Just a day after US secretary of state Antony Blinken became the highest-ranking American official to meet Chinese President Xi Jinping, President Joe Biden called his counterpart in Beijing a "dictator".

Blinken's meeting with Xi in Beijing on Monday was part of efforts to improve the strained relations between the two largest economies.

But at a fundraiser in California on Tuesday night, Biden said that Xi was embarrassed over the recent tensions involving a suspected Chinese spy balloon transiting the US which was shot down by an American fighter jet, the BBC reported.

"The reason why Xi Jinping got very upset, in terms of when I shot that balloon down with two box cars full of spy equipment in it, was he didn't know it was there. That's a great embarrassment for dictators.
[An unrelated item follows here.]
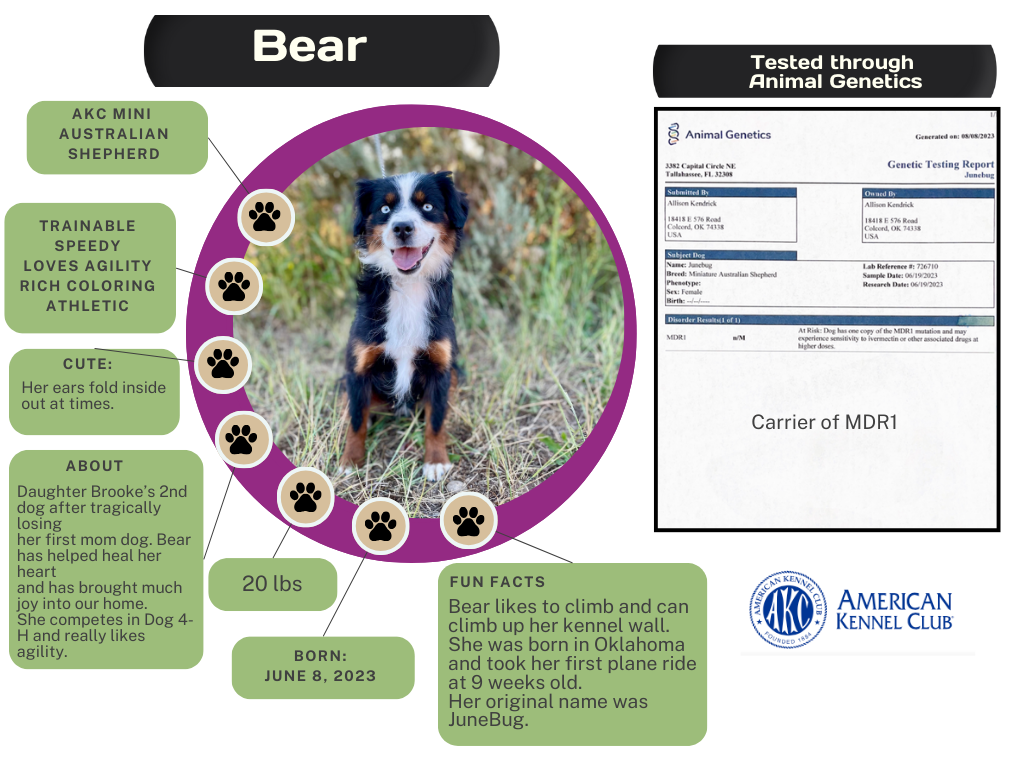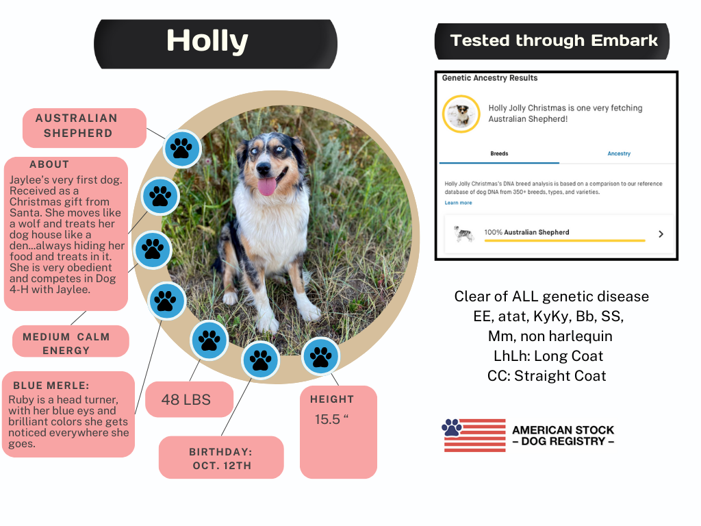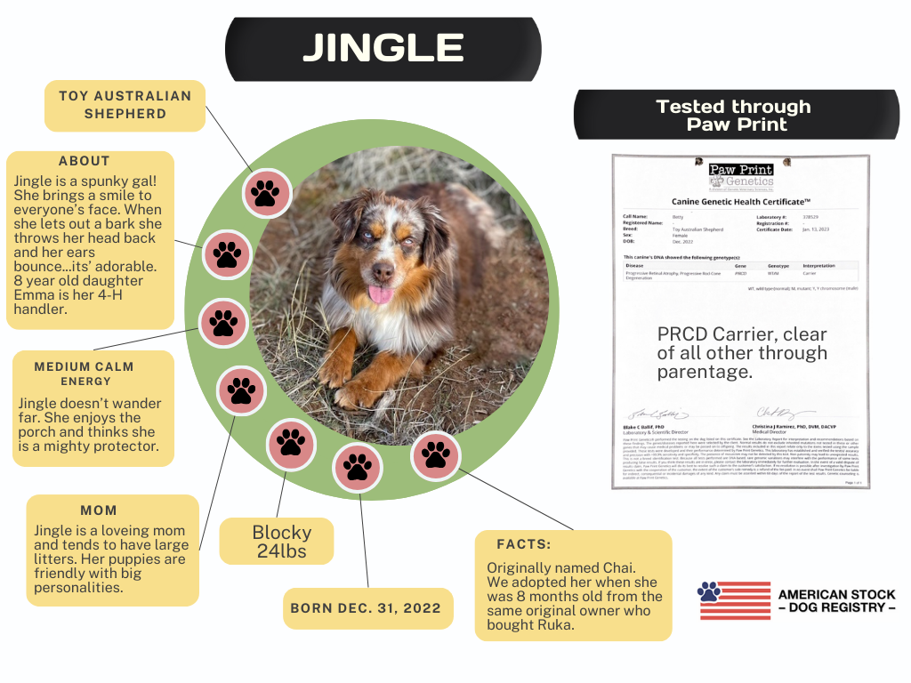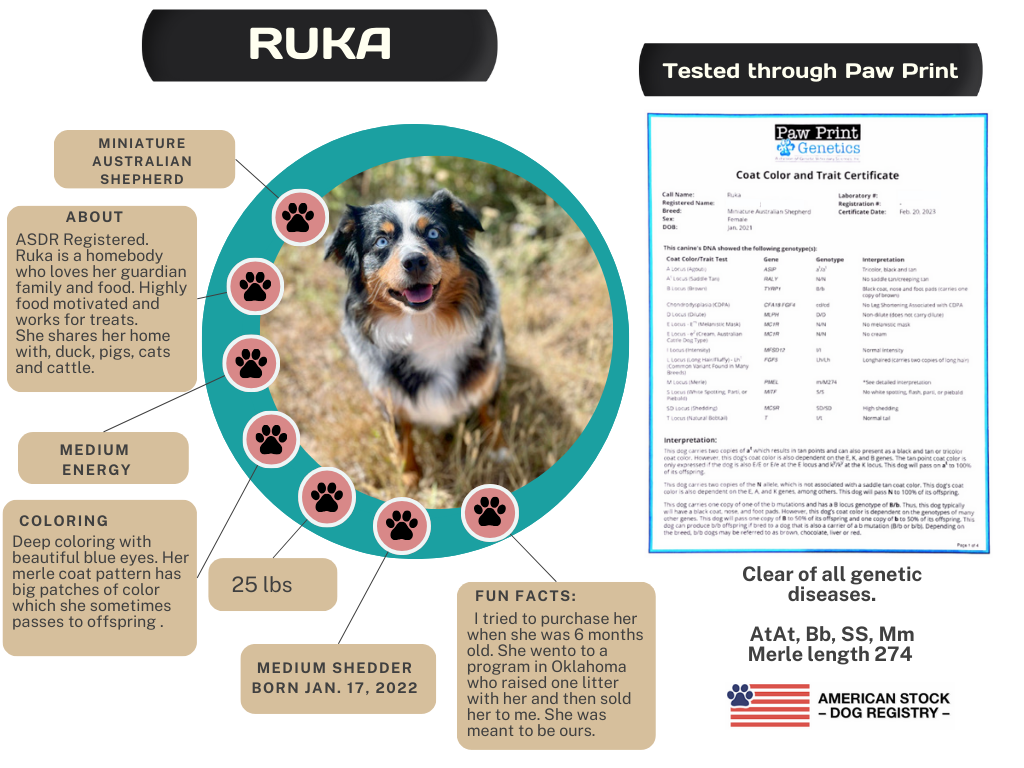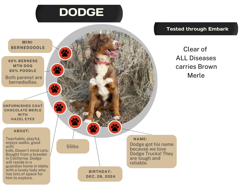 Occasionally we will allow a dog to go to a guardian home where they are raised with another family but get to come to our place to be bred and have babies.

When they didn't know what happened," the President said.

China is yet to comment on Biden's remark.

On the outcome of the meeting on Monday, Xi had said that some progress was made, while Blinken indicated both sides were open to more talks as major differences remained.


Blinken's visit to Beijing, which was the first by a Secretary of State to China in five years, restarted high-level communications between the two countries.

The Biden administration's relationship with Beijing is one of its most complicated and consequential, and one that has seen months of strain, including two military-related incidents in recent weeks.

Biden and Xi met in person for the first time as presidents on the sidelines of the G7 summit in Indonesia last November.

Blinken's trip, which had been announced by Biden and Xi after their meeting, was originally scheduled to happen in February and had been seen as a key follow-on engagement.

However, it was postponed after the discovery of the suspected Chinese spy balloon.